Why use testing frameworks for LLM evals
If you’re already using Pytest or Vitest/Jest to test your application, the new LangSmith integrations give you the flexibility, familiarity and runtime behavior of Pytest/Vitest with the observability and sharing features of LangSmith. These integrations use the exact same developer experience (DX) you’re used to, and have the following benefits:
Debug your tests in LangSmith
Applications that use LLMs have additional complexity when debugging due to their non-determistic nature. LangSmith saves inputs/outputs and stack traces from your test cases to help you pinpoint the root cause of issues.

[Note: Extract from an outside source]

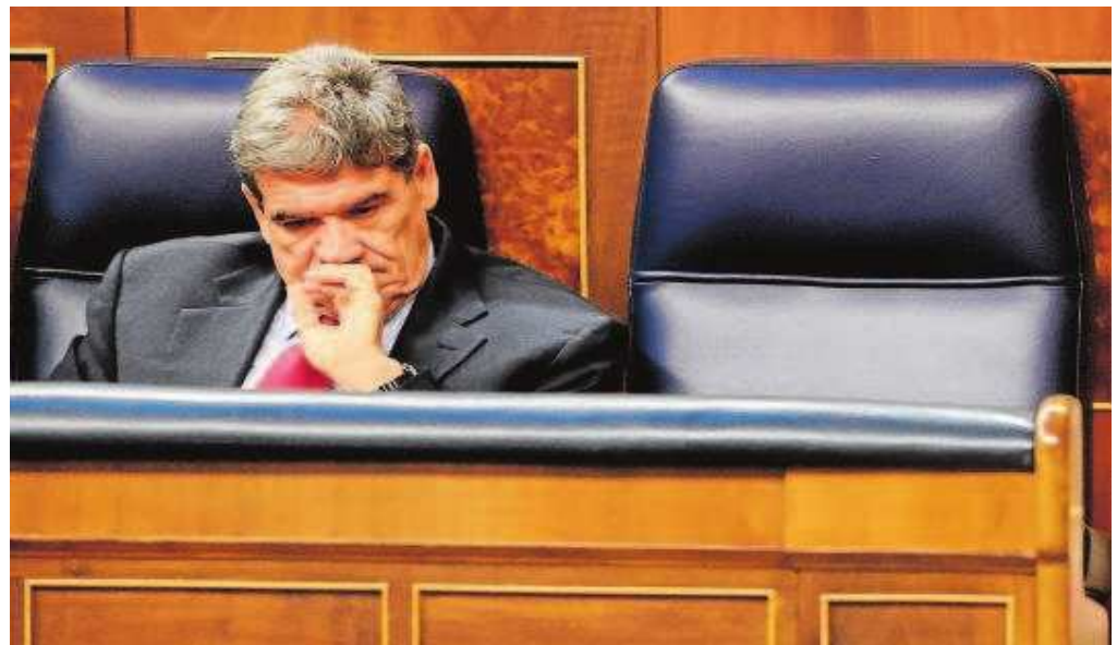
José Luis Escrivá, ministro de Transformación Digital y Función Pública

Tratados. Cree la Comisión que tal prohibición es un obstáculo en el mercado único y limita el acceso a las pensiones complementarias, aunque no cuestiona los importes deducibles. El hecho de que España permita transferencias nacionales, pero no transfronterizas de derechos de pensión en regímenes complementarios de pensión también puede ser contrario a las libertades del mercado interior.

Log metrics (beyond pass/fail) in LangSmith and track progress over time
Typically, testing frameworks focus only on pass/fail results, but testing LLM applications often requires a more nuanced approach. You may not have hard pass/fail criteria; rather, you want to log results and see how your application improves over time. With LangSmith, you can log feedback and compare results over time to prevent regressions and ensure that you're always deploying the best version of your application.
Share results with your team
Building with LLMs is often a team effort. We commonly see subject matter experts involved in the process of prompt creation or when creating evals. LangSmith allows you to share results of experiments across your team, making collaboration easier.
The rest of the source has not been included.